According to the National Oceanic and Atmospheric Administration's Fish Watch, scallops are consistently ranked in the Top 10 seafoods consumed in the United States. Not those little Bay scallops, but those big beautiful scallops of the sea — the North Atlantic, specifically.

Don's Meat on Hixson Pike carries them, as do grocery stores, including Publix, Whole Foods — and Walmart, too, though the scallops you'll find at the latter have water added. Dry sea scallops mean water has not been added, so you're not paying extra for water. They're chemical-free as well. What you get are big plump scallops that taste like they've just been plucked from the ocean, which they were — right before they were frozen and on their way to market.

At an average of $20 per pound — $15 at Walmart, but remember, they have water added — scallops are not something I serve every day. Or even every month, for that matter. And definitely not for a crowd. One pound is plenty for two people, though.

The trick to making the best scallops is high heat, high enough so that the scallops get seared to a nice crisp finish on the outside and stay tender on the inside. Let them sear in butter for a minute or a little more, then flip and continue cooking for another minute or two, resisting the temptation to turn them in between. Start with a hot pan, put the scallops in and don't touch until you're ready to turn. The result should be the perfect crust.

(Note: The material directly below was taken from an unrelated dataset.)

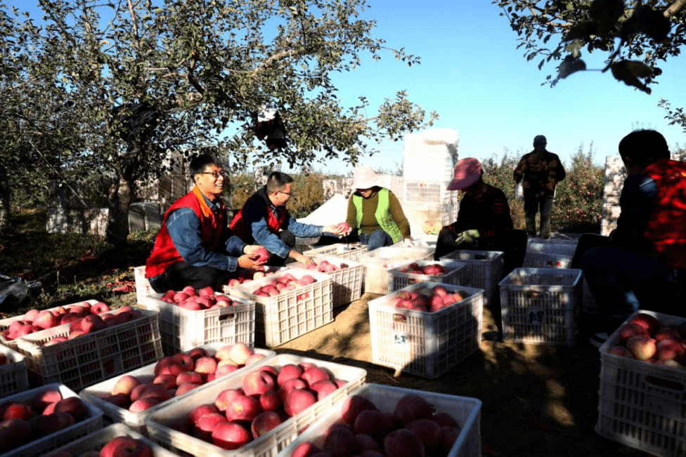 ▲国家电网陕西电力张思德(延安枣园)共产党员服务队队员帮助村民采摘苹果。
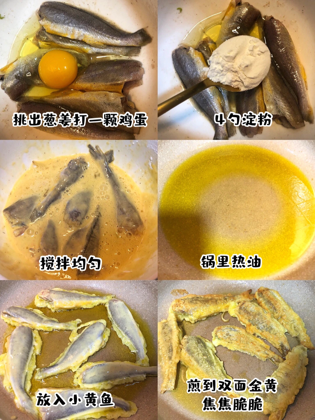 小黄鱼500g 葱姜 鸡蛋一颗 淀粉4勺

Scallops drizzled with lemon-butter sauce is a delicate, lovely dish that takes just minutes to prepare. Make the sauce in the same skillet you've sauteed the scallops so the sauce can pick up any of the little bits of scallops remaining. Sugar snap peas and parmesan noodles are wonderful dishes to serve alongside. Some crusty French bread is the only other thing you need to complete this beautiful meal in celebration of National Fried Scallops Day.


Scallops With Lemon-Butter Sauce

1 tablespoon unsalted butter

1 pound scallops

Kosher salt and freshly ground black pepper, to taste

Lemon-Butter Sauce:

2 tablespoons unsalted butter

2 cloves garlic, minced

Juice of 1 lemon

Kosher salt and freshly ground black pepper, to taste

2 tablespoons chopped fresh parsley leaves (optional)

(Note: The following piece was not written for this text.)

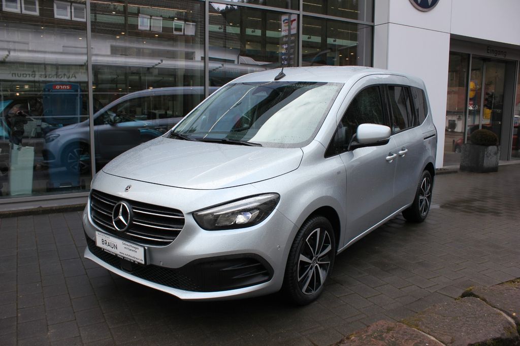 Abdeckung Schiebetürschiene Wagenfarbe, Airbag Beifahrerseite abschaltbar, Airbag Fahrer-/Beifahrerseite, Ambiente-Beleuchtung, Antriebs-Schlupfregelung (ASR), Außenspiegel elektr. verstell- und heizbar, beide, Außenspiegel Wagenfarbe, DAB-Tuner (Radioempfang digital), Design- und Ausstattungslinie Progressive, Einstiegsleisten mit Schriftzug Mercedes-Benz, Fahrassistenz-System: aktiver Bremsassistent, Fahrassistenz-System: aktiver Spurhalteassistent, Fahrassistenz-System: Attention-Assist (Müdigkeitserkennungs-Sensor), Fahrassistenz-System: Berganfahrhilfe, Fahrassistenz-System: Geschwindigkeitslimit-Assistent, Fenster für hintere Türen / Heckklappe mit Wisch-/Waschanlage, Fensterheber elektrisch Schiebetüren, Feststellbremse elektrisch, Gepäcknetz / Tasche an Vordersitzlehne, Gepäckraumabdeckung / Rollo, Handschuhfach abschließbar, Heckklappe mit Verglasung, Heckklappenleiste verchromt, Heckscheibe heizbar, Infotainment-System: Mercedes me connect, Innenausstattung: Zierteile seidenmatt silber, Innenraumbeleuchtung LED, Innenraumspiegel, Innenverkleidungen Gehobene Ausführung, Isofix-Aufnahmen für Kindersitz an Rücksitz, Karosserie: 5-türig, Keyless Go Startanlage, Klapptisch in Fahrer- und Beifahrersitzlehne integriert, Kombiinstrument mit Farbdisplay, Kommunikationsmodul (LTE) Vorbereitung Mercedes me connect, Kopfstützen hinten (3-fach), Kraftstoff-Filter mit Wasserabscheider, Kühlergrill verchromt, Lendenwirbelstützen Sitz vorn links, Lenkrad mit Multifunktion, Lenksäule (Lenkrad) mechan. verstellbar, Mercedes-Benz Notrufsystem, Mittenairbag vorn, Motor 1,5 Ltr. - 85 kW CDI KAT, Radstand 2716 mm, Reifendruck-Kontrollsystem, Rückfahrkamera, Rücksitzlehne geteilt / klappbar, Schadstoffarm nach Abgasnorm Euro 6d, Schalt-/Wählhebelgriff Leder, Scheibenwaschbehälter große Ausführung, Schiebetür Lade-/Fahrgastraum links, Schiebetür Lade-/Fahrgastraum rechts, Schiebetür links mit Fenster, Schiebetür rechts mit Fenster, Seitenairbag (Sidebag) und Windowbag vorn, Seitenscheiben hinten feststehend, Seitenscheiben hinten und Heckscheibe abgedunkelt, Sitz vorn links höhenverstellbar, Sitz vorn rechts höhenverstellbar, Sitzbezug / Polsterung: Ledernachbildung Artico / Dinamica, Smartphone Integrations-Paket, Sonnenblende links mit Spiegel, Sonnenblende rechts mit Spiegel, Start/Stop-Anlage, Steckdose (12V-Anschluß), Stoßfänger Wagenfarbe, Teppichboden in Fahrgast-/Laderaum, Türgriffe außen Wagenfarbe, Vorrüstung Remote Service Plus, Vorrüstung Verkehrs-Informations-System Live Traffic, Warmluftkanal zum Fahrgastraum, Warnanlage / Statusanzeige für Sicherheitsgurte im Fond, Wärmeschutzverglasung, Zuheizer, Sitzheizung vorn, Ambiente-Beleuchtung, Seitenscheiben hinten und Heckscheibe abgedunkelt

Melt 1 tablespoon butter in a large skillet over medium-high heat.

If there are small side muscles on the scallops, remove them. Rinse scallops with cold water and thoroughly pat dry, then season them with salt and pepper, to taste. Working in batches, add scallops to the skillet in a single layer, and cook, flipping once, until golden brown and crusty on the outside and translucent in the center, 1-2 minutes per side. Set aside, and keep warm.

To make the lemon-butter sauce, melt 2 tablespoons butter in the skillet. Add garlic, and cook, stirring frequently, until fragrant, about 1 minute. Stir in lemon juice; season with salt and pepper, to taste.

Serve scallops immediately with lemon-butter sauce, garnished with parsley, if desired.